Originally published by John Floyd.
Historically, federal prosecutors have three ways to handle criminal cases: decline to prosecute, secure a plea agreement, or try the case before a judge or jury.
Deferred Prosecutions
The Speedy Trial Act of 1974, which is found in 18 U.S.C. § 3161, offers a different method for handling the prosecution of minor offenses. Subsection (h)(2) of the act allows U.S. Attorneys to handle these cases through pretrial diversion agreements known as Deferred Prosecution Agreements (DPAs) and Non-Prosecution Agreements (NPAs).
This subsection provides that the 75-day time limit for bringing a criminal case to trial is suspended during “any period of delay during which the prosecution is deferred by the attorney for the Government pursuant to a written agreement with the defendant, with the approval of the court, for the purpose of allowing the defendant to demonstrate good conduct.”
Increased Use in Corporate Criminal Cases
This provision is now rarely used in criminal cases involving individual defendant(s) but is now more frequently being used in corporate crime cases involving fraud and wrongdoing.
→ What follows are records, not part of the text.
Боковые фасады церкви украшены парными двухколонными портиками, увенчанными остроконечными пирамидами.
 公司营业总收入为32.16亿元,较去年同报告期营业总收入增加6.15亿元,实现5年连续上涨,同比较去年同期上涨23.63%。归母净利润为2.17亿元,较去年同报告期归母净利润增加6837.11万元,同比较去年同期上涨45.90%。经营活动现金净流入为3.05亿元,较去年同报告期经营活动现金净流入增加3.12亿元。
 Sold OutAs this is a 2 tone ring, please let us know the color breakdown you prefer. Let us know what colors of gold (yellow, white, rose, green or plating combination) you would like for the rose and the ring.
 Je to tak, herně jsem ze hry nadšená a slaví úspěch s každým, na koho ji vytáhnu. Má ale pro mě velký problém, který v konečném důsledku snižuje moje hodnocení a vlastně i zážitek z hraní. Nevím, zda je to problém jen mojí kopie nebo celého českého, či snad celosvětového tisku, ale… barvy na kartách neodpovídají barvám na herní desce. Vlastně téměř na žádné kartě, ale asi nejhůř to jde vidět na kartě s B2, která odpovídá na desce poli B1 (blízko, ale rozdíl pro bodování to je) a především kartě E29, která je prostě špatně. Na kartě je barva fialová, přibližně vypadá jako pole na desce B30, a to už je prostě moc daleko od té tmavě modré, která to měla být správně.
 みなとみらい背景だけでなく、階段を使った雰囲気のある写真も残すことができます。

In September 2014, June Rhee, co-editor of the Harvard Law School Forum on Corporate Governance and Financial Regulation, posted a piece on the HLS website that said “the increasing use of Non- and Deferred Prosecution Agreements (N/DPAs) has enabled federal prosecutors to incrementally expand their traditional role, exemplifying a shift in prosecutorial culture from an ex post focus on punishment to an ex ante emphasis on compliance. N/DPAs are contractual agreements between the government and corporate entities that allow the government to impose sanctions against the respective entity and set up institutional changes in exchange for the government’s agreement to forego further investigation and corporate criminal indictment. N/DPAs enable corporations to resolve allegations of corporate criminal conduct, strengthen corporate compliance mechanisms to prevent corporate wrongdoing in the future, and mitigate the risks that collateral consequences of a conviction can bring companies, their shareholders, employees, and the economy.”
But, in reality, these hallowed objectives are seldom met.
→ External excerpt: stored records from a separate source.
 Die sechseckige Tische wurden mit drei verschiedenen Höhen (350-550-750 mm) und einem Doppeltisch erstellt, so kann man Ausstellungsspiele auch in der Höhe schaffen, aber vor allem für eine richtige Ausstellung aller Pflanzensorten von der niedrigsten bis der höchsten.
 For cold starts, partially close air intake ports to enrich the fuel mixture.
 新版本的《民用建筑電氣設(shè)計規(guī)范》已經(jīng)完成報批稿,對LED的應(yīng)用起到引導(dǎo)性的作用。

General Motors Strikes Deferred Prosecution Agreement in Ignition Switch Case
Last September the U.S. Justice Department announced a $900 million DPA with General Motors which was accused of concealing information about a safety defect in its vehicles that led to more than 124 deaths worldwide. U.S. District Court Judge Emmet Sullivan was outraged by the agreement, calling it “a shocking example of potentially culpable individuals not being criminally charged.”
In a sharply worded opinion, Judge Sullivan, who has been frequent critic of the Justice Department’s “soft on corporate crime” approach, said: “Despite the fact that the reprehensible conduct of its employees resulted in the deaths of many people, the agreement merely ‘imposes on GM an independent monitor to review and assess policies, practices, and procedures relating to GM’s safety-related public statements, sharing of engineering data, and recall processes’ plus the payment of a $900 million fine.”
Recent proclamations by Deputy U.S. Attorney General Sally Yates that the Justice Department will be cracking down on corporate crime notwithstanding, prosecution of corporate crime in this country by the DOJ has declined by 29 percent over the past decade. This decrease can be attributed to the significant increase in the DOJ’s use of DPAs and NPAs..
In an April 5, 2016 opinion, the D.C. Court of Appeals said that DPAs/NPAs exist to “afford a middle-ground option to the prosecution when, for example, it believes that a criminal conviction may be difficult to obtain or may result in unwanted collateral consequences for a defendant or third parties, but also believes that the defendant should not evade accountability altogether. Both DPAs and NPAs generally include an admitted statement of facts, require adherence to ‘conditions designed … to promote compliance with applicable law and to prevent recidivism,’ and remain in effect for a period of one to three years. While prosecutors at one time seldom relied upon NPAs and DPAs, their use has grown significantly in recent years.”
DOJ Should Make Use of Deferred Prosecutions in Individual Cases
Certainly if the Justice Department can reach a DPA with GM, in a case where dozens of individuals were killed, it should employ the same pretrial diversion method with thousands of non-violent offenders sent to federal prisons each year having never hurt anyone.
There seems to be a groundswell of bipartisan support for sentencing reform in this country today. We don’t need a new law for DPAs or NPAs. These agreements exist to be used in criminal cases—and the Justice Department should be as willing to use them in non-violent run-of-the-mill criminal cases as it does in corporate crime cases.